For decades the killings which took place as the Germans retreated from
advancing allied forces were not investigated. But in 1994 a journalist
stumbled across a cupboard in the basement of the headquarters of the
military prosecutor's office in Rome.
It was sealed and turned towards the wall. There were more than 600 files
inside, including reports and witness statements collected by British and
American troops as they advanced through Italy in 1944, discovering piles
of dead people in scores of villages.
Bureaucracy and the lengthy process of investigating crimes committed two
generations earlier have meant it has taken almost a decade for the first
cases to come to court. "They just buried the evidence like ostriches
putting their heads in the sand," said a source close to the trial.
"The files were hidden during the cold war. You can imagine why. Germany
was an ally of Nato. It was decided to keep these things secret."
The three suspects are all living in Germany and it is not yet clear if
they can be extradited for the trial. Reports said yesterday that
continuing investigations in Germany might mean the men cannot be
extradited.
Investigators said that Gerhard Sommer, 83, Alfred Schonenberg, 83, and
Ludwig Sonntag, 80, all face charges of massacring the civilians at
Sant'Anna di Stazzema on August 12 1944 at the trial to take place in La
Spezia, northern Italy, on April 20.
As British troops liberated Florence some 300 of Hitler's elite and most
fanatical SS troops surrounded Sant'Anna di Stazzema, in northern Tuscany,
which was crowded with refugees. They claimed to be hunting for partisans
but instead rounded up all the villagers they could find - 80% of whom
were women, children and elderly people - and began shooting them,
according to witnesses.
"What happened in Stazzema was a calculated massacre," said Marco De
Paolis, military prosecutor in charge of the case.

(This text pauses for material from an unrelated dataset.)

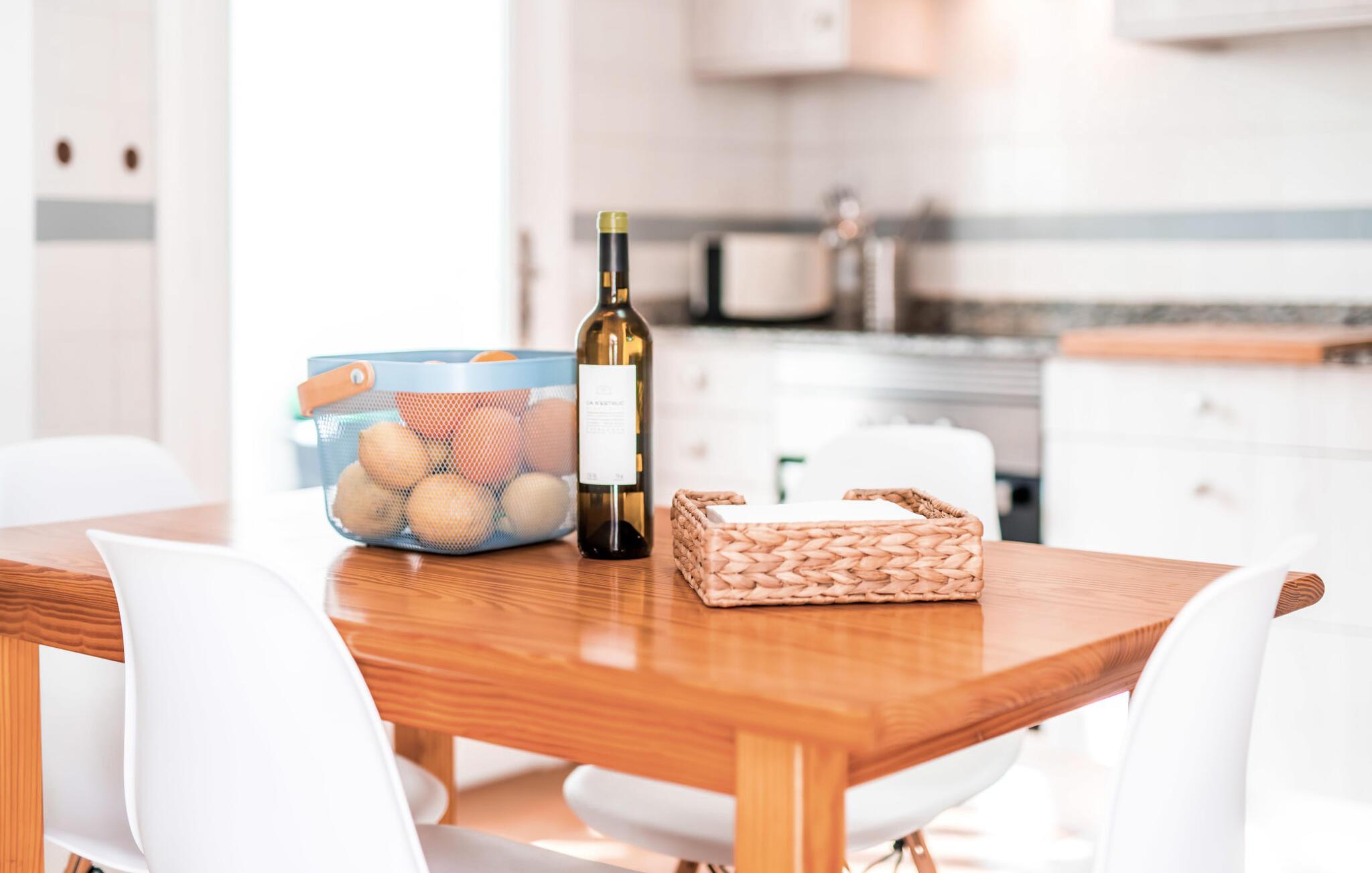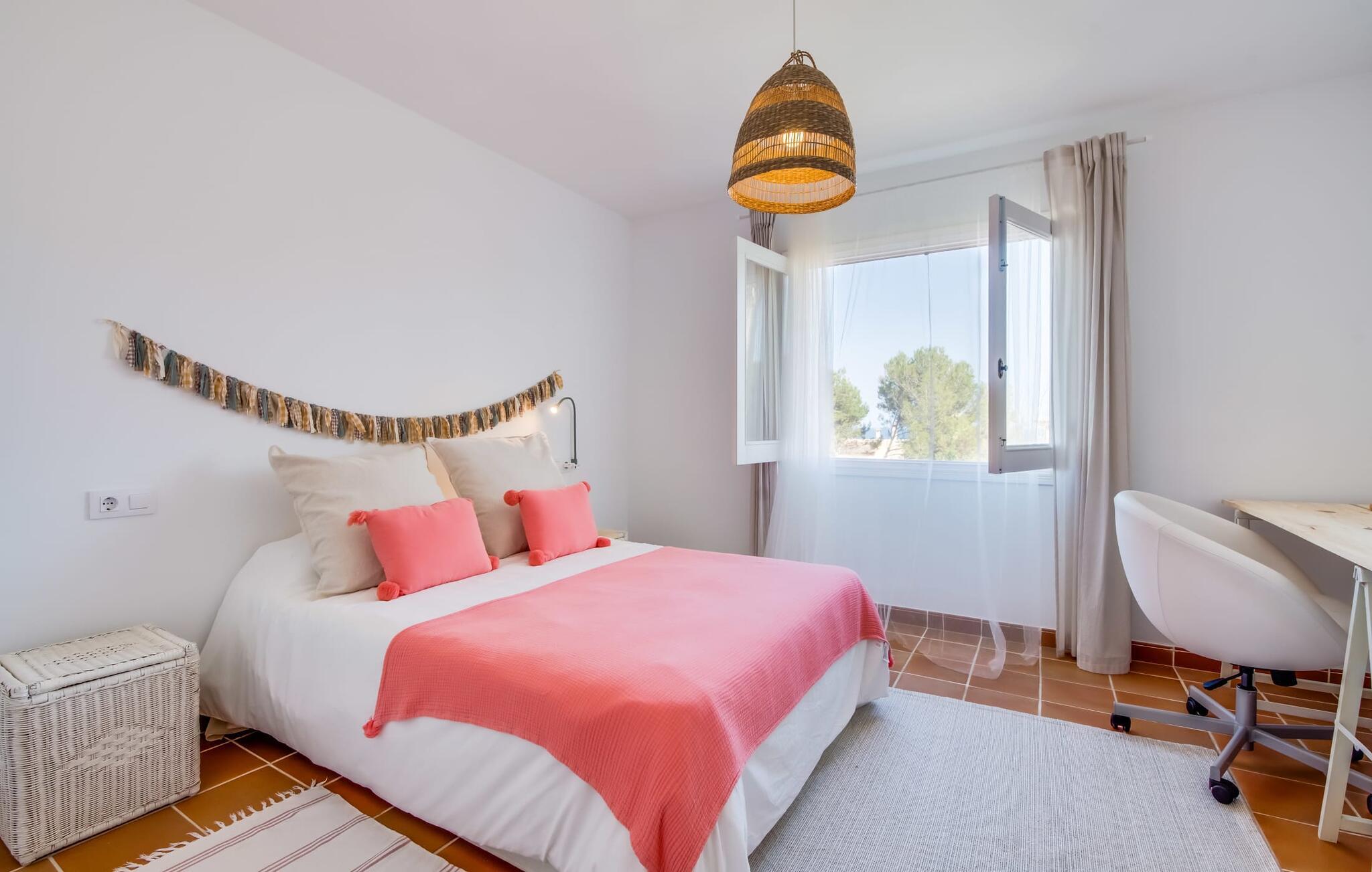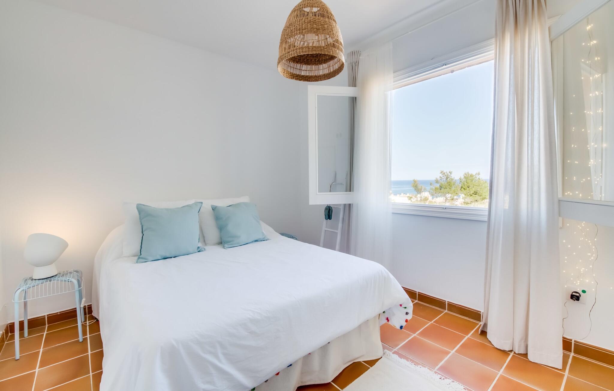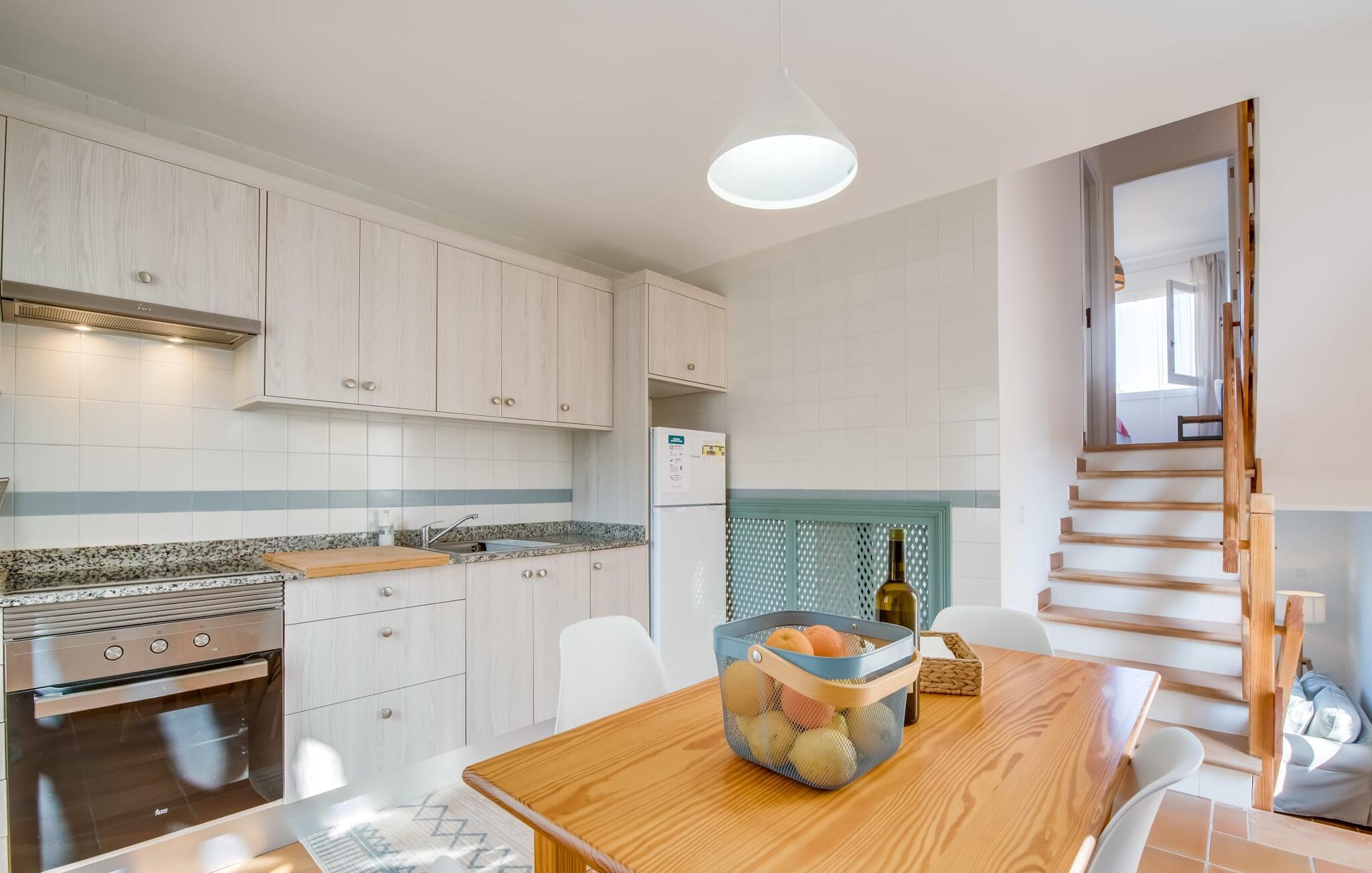 Tilbring uberørte dage ved havet, bo i en sommervilla midt i den smukke kystby Son Serra de Marina - denne feriedrøm bliver til virkelighed med "Vora Mar"! Den let hævede terrasse, der er udstyret med en række møbler, byder på vidunderlige muligheder for at gøre jer godt tilpas under den åbne middelhavshimmel. En privatsfære på nabo-dobbelthuset giver det nødvendige privatliv og en udendørs bruser - selv med varmt vand - giver den efterlængte forfriskning. Den naturlige megapool er ikke langt væk, og sand og havvand venter solsøgende, der elsker lange dage på stranden. Når I kommer hjem og nyder jeres solnedgang, kan I nyde den livlige atmosfære i landsbyen og tænke over, hvor I måske vil tage hen om aftenen. Måske slentre ind på en af de indbydende restauranter og nyde regionale delikatesser? Et gulv-til-loft vindue ud mod terrassen giver masser af lys ind i huset og gør det nemmere at skifte mellem udendørs og indendørs ophold. Venlig, trendy indretning med et charmerende maritimt præg gør også opholdet indendørs yderst attraktivt - I kan f.eks. trives i sofaen foran tv'et. På kølige aftener skaber en brændeovn hyggelig varme. Den samtidige havudsigt, som I kan nyde gennem nogle vinduer, og den blide havbrise, der blæser gennem rummene, skaber en helt særlig atmosfære. Dette suppleres effektivt af de forskellige niveauer, I kan bevæge jer imellem i denne villa på Mallorca. Stuen i stueetagen fører til det rummelige og lyse køkken, som har alt hvad I behøver til en dag med selvforplejning, herunder et spisebord. De to andre etager rummer de tre hyggelige soveværelser og to badeværelser. Absolut et meget attraktivt hus for havelskere og feriegæster, der kan lide at bo centralt! Den sommerlige villa "Vora Mar" venter jer midt i den charmerende kystby Son Serra de Marina på Mallorca. På grund af sin beliggenhed på gaden er I perfekt forbundet fra dobbelthuset: alle faciliteter - butikker, restauranter og caféer - er i gåafstand til en ubekymret hverdagsferie. I kan nemt nå stranden uden bil, mens I ideelt set kan udforske de andre kystsektioner af den lange bugt Alcúdia mod nord med jeres lejebil.

"Those who ordered it knew they were giving criminal orders," he told the
newspaper La Repubblica.
The trial is a landmark for Italian justice which for decades failed to
investigate the death of around 15,000 civilians, killed in around 400
separate slaughters throughout Italy by German troops as the allies
advanced.
The Sant'Anna di Stazzema is one of the biggest single massacres recorded
in northern Italy, as German troops retreated along the so-called Gothic
line, which crossed Italy from La Spezia on the Tyrrhenian coast to Pesaro
on the Adriatic sea. Some 800 people are thought to have also been killed
at Marzabotto, in the province of Bologna.
"This is not a witch hunt," said Gianpiero Lorenzoni, mayor of Sant'Anna.
"60 years softens your need for revenge. But the search for the truth
never stops, even if you get tired. Families will get some satisfaction if
the men who ordered this are finally brought to justice."
"We have suffered over the years because no one has been brought to
justice for this," said Enio Mancini, who escaped the massacre but lost
his entire family.
Mr Sommer is reportedly among 12 former members of the SS Panzergrenadier
Division being investigated in Germany. Two other ex-SS officers, Werner
Bruss and Georg Rauch, were found not to have a case to answer in court,
the investigator said. A sixth suspect, Heinrich Schendel, would be
subject to further inquiries.
Italy was spurred to reopen investigations of Nazi crimes in 1996, when a
military court found former SS captain Erich Priebke guilty of involvement
in the slaughter of 335 men and boys at the Ardeatine caves south of Rome.
But he was released under the statute of limitations. After public outrage
Italy's highest court of appeal ordered a retrial. Priebke was sentenced
to life imprisonment in 1998, and he is serving out his sentence under
house arrest.
A parliamentary commission was set up last year to investigate how the
Italian government hid the massacre files for half a century.